Infer time, date or datetime formats from last poll count rows.

Parameters:

Name	Type	Description	Default
`poll`	`int`	The number of last sample rows to poll for type and format consistency.	required

Returns:

Type	Description
`list[str \| None]`	A tuple containing a list of formats the same length as last polled
`bool`	row and a boolean indicating if the formats are consistent across
`tuple[list[str \| None], bool]`	the polled rows. Columns that are not time, date or datetime type
`tuple[list[str \| None], bool]`	have a format of None.

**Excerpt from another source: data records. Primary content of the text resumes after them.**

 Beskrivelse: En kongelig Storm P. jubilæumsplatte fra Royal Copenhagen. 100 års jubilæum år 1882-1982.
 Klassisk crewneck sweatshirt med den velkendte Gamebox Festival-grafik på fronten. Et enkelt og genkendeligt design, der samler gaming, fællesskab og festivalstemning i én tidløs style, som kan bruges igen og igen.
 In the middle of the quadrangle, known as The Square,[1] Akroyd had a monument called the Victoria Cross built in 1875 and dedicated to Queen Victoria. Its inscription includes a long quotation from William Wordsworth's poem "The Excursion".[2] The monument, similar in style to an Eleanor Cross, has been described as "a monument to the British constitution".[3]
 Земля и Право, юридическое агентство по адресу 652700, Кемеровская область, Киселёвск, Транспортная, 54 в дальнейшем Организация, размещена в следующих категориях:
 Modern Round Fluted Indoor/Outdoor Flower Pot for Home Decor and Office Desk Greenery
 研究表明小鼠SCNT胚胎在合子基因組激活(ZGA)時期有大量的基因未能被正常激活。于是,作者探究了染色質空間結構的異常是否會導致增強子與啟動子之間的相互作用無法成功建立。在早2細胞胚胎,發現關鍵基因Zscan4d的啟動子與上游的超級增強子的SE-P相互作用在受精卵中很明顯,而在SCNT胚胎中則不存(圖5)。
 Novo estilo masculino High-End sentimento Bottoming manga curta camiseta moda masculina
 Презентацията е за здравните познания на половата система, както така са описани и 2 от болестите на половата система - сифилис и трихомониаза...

Source code in src/tabbed/sniffing.py

def datetime_formats(
    self,
    poll: int,
    exclude: list[str] = ['', ' ', '-', 'nan', 'NaN', 'NAN'],
) -> tuple[list[str | None], bool]:
    """Infer time, date or datetime formats from last poll count rows.

    Args:
        poll:
            The number of last sample rows to poll for type and format
            consistency.

    Returns:
        A tuple containing a list of formats the same length as last polled
        row and a boolean indicating if the formats are consistent across
        the polled rows. Columns that are not time, date or datetime type
        have a format of None.
    """

    fmts = {
        time: parsing.time_formats(),
        date: parsing.date_formats(),
        datetime: parsing.datetime_formats(),
    }
    polled = []
    for row in self.rows[-poll:]:
        row_fmts = []
        for astring, tp in zip(row, self.types(poll, exclude)[0]):
            fmt = (
                parsing.find_format(astring, fmts[tp])
                if tp in fmts
                else None
            )
            row_fmts.append(fmt)
        polled.append(row_fmts)

    # consistency within each column of polled
    consistent = all(len(set(col)) == 1 for col in list(zip(*polled)))

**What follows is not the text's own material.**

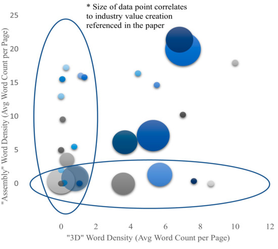 To better understand the value of the 3D product model in the assembly process, a literature review was conducted. Journal papers, articles, and conference papers were sourced using the Compendex and Scopus databases. Articles searched for included reference to “3D” and “assembly” but not “printing” (in order to remove articles on 3D printing, which is not the focus of this study). Then, an analysis was run on the number of times these key words were used throughout the article. Noting that some articles are longer than others, the total count was divided by the article page count to get an understanding of the density of the use of the “3D” and “assembly” keywords in each article. Each article was also reviewed for mentions of the value that using 3D product models in the assembly processes could create. Such value might include improving the efficiency and reliability of the assembly process design, reducing process planning problems, and shortening the process planning cycle [1,2]. Then, the same approach was taken in terms of dividing the number of mentions of value creation by the total page count to get a density value for value creation mentions in each paper. The plot of these relative densities of “3D” to “assembly”, where “value creation” is the size of each bubble, is shown in Figure 1 [1,2,3,4,5,6,7,8,9,10,11,12,13,14,15,16,17,18,19,20,21,22,23,24,25,26,27,28,29,30,31,32,33,34] where each different colored bubble represents a different journal paper, article, or conference paper. Figure 1 demonstrates that while there was a lot of research published on 3D product models, and an equivalent amount published on assembly processes, less literature had been published on the use of 3D product models in assembly. This was especially evident in the lack of data points in the upper right corner of Figure 1 and the fact that of those papers that do have a high density of “3D” and “assembly”, there is still a gap in the literature in terms of the value that the use of 3D product models creates in assembly processes. Exploring this gap and better understanding the value that 3D product models create in the assembly process provided the guiding purpose for this research.

    return polled[-1], consistent

`header(poll, exclude=['', ' ', '-', 'nan', 'NaN', 'NAN'])`

Detects the header row (if any) from this Sniffers sample rows.

Headers are located using one of two possible methods. 1. If the last row contains mixed types and the last poll rows have consistent types, then the first row from the last whose types differ from the last row types and whose length matches the last row is taken as the header. 2. If the last poll rows are all string type. The first row from the last with string values that have never been seen in the previous rows and whose length matches the last row is taken to be the header. Caution, the poll amount should be sufficiently large enough to sample the possible string values expected in the data section. If the header is not correct, consider increasing the poll rows parameter.

Parameters:

Name	Type	Description	Default
`poll`	`int`	The number of last sample rows to poll for locating the header using string or type differences. Poll should be large enough to capture many of the string values that appear in the data section.	required
`exclude`	`list[str]`	A sequence of characters that indicate missing values. Rows containing these strings will be ignored.	`['', ' ', '-', 'nan', 'NaN', 'NAN']`

Notes

If no header is detected this method constructs a header. The names in this header are of the form; 'Column_1', ... 'Column_n' where n is the expected number of columns from the last row of the sample rows. Just like all other file sniffers, this heuristic will make mistakes. A judicious sample choice that ignores problematic rows via the skip parameter may aide detection.

Returns:

Type	Description
`Header`	A Header dataclass instance.

Source code in src/tabbed/sniffing.py

def header(
    self,
    poll: int,
    exclude: list[str] = ['', ' ', '-', 'nan', 'NaN', 'NAN'],
) -> Header:
    """Detects the header row (if any) from this Sniffers sample rows.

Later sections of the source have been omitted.